Twenty One Media
aiMay 26, 2026

Telling People They're Not a Fit

Most service pages are structured as arguments. Here is what we do. Here is why it is good. Here is what you get. The implicit message: you should hire us. The prospect reads it and asks the same question they always ask: "but is this actually for me?"

We added a direct answer to that question on /ai. Two columns, side by side. Left: "you're a fit if." Right: "you're not a fit if." The not-a-fit items render with a red strikethrough.

<li className="flex items-start gap-3 text-muted line-through decoration-1 decoration-red-500/40 underline-offset-4">

It's a small implementation choice with a specific intent.

The List Itself

The "not a fit" column says four things:

  • You want a website redesign. We do that, but it's a different scope and a different page.
  • You want a large SaaS rollout. We install around tools you have.

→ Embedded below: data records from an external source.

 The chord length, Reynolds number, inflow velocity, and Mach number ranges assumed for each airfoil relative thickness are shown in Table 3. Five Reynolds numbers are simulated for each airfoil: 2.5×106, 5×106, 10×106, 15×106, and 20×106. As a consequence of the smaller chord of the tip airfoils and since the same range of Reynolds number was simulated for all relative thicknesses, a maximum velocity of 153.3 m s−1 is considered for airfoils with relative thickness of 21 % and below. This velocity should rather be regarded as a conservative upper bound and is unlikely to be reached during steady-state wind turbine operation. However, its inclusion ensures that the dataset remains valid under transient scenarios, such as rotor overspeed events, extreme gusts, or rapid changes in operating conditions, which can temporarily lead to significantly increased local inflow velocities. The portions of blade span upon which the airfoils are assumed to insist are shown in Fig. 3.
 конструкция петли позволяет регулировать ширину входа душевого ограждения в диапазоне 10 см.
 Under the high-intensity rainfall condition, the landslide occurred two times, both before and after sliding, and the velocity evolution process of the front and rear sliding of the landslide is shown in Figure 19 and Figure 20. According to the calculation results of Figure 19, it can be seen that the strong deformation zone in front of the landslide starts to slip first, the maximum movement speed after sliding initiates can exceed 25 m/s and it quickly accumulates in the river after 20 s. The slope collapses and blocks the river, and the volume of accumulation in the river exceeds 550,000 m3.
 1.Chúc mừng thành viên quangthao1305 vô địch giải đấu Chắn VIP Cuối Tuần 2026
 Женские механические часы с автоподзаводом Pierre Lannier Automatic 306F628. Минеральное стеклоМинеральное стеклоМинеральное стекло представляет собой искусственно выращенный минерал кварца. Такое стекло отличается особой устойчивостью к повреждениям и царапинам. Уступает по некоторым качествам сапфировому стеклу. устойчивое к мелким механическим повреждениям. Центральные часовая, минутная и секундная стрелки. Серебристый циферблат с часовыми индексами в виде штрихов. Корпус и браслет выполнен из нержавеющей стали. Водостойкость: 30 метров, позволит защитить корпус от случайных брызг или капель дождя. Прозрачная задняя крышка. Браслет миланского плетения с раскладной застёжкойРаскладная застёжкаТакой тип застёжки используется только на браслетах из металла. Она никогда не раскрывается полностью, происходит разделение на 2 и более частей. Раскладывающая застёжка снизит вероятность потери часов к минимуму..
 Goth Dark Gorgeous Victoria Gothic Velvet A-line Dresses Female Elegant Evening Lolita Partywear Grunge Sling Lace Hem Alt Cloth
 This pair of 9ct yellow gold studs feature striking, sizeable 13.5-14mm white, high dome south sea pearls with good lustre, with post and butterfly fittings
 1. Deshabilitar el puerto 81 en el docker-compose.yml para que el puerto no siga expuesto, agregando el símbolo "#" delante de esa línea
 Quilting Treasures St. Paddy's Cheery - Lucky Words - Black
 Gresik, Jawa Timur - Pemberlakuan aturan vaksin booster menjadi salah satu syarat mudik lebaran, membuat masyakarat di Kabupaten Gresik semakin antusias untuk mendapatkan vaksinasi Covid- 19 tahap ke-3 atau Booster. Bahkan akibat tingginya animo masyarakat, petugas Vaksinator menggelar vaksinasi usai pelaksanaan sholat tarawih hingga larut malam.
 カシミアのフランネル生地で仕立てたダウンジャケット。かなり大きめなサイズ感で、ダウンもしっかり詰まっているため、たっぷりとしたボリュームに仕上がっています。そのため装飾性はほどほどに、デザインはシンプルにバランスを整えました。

We don't replace them.
  • You want to "explore AI." We only work with operators who know what's broken.
  • You haven't picked up the phone for a customer in five years. This is for working owners.

These are real disqualifiers. If someone reads them and recognizes themselves, we are genuinely not the right fit. Sending them to a discovery call costs both sides an hour and produces nothing.

The strikethrough is the right visual treatment. It's not a no-entry sign. It's a crossed-out option, like a menu item that's unavailable. It says: this path closes here. Keep reading.

What Disqualification Does for the Right Prospect

Someone who clears the "not a fit" list reads it differently. They see what they are not and confirm they aren't it. Each item they pass becomes implicit evidence that they belong on the other side.

"You want to explore AI" is the one that works hardest. The people who are right for this service have a specific, operational problem they already feel. They know their technicians are manually re-entering job data twice. They know their quote follow-up has a gap somewhere between day two and day fourteen. They are not exploring. They are looking for someone to fix a specific thing. Reading "we only work with operators who know what's broken" does not push them away. It signals alignment.

That signal is worth more than another bullet point about our capabilities.

The "Not a Fit" List as Positioning

Publishing what you don't do is also positioning. The /ai page is explicitly not for enterprise SaaS rollouts, not for website projects (that's /services), not for anyone who treats "AI strategy" as an abstract consulting engagement. Saying that out loud draws a boundary around what the service actually is.

The opposite, a page that implies it can be many things to many people, creates the inverse problem. The right prospect can't tell whether you understand their situation, because the page is trying to speak to everyone.

A short, honest disqualifier list answers "is this for me" faster than any amount of positioning copy. It also creates a kind of trust. You are telling some people not to bother. That is what a confident vendor does. A vendor who needs the business tells everyone they qualify.

The Two-Column Layout

The visual structure reinforces the logic. Left column: five fit criteria in accent blue with glowing dots. Right column: four disqualifiers, muted text, strikethrough, faint red underline. Same visual weight, opposite message.

Putting them side by side makes the comparison immediate. You don't have to scroll or search. You see both conditions at once and locate yourself. The layout does the qualification work faster than either list could do alone.

The Underlying Principle

If you know who you're for, you also know who you're not for. Publishing the second list is not risky. It's honest, and it does work that your headline and feature list cannot do on their own.

The prospect who reads "this is not for you" and moves on was not going to convert anyway. The prospect who reads it and stays has already self-selected once more in your direction. By the time they hit the audit form, they've passed the list, cleared the disqualifiers, and confirmed the fit. That is a different conversation than a cold form submission from someone who liked the hero copy.

Write the "not a fit" list. Strike it through. Mean it.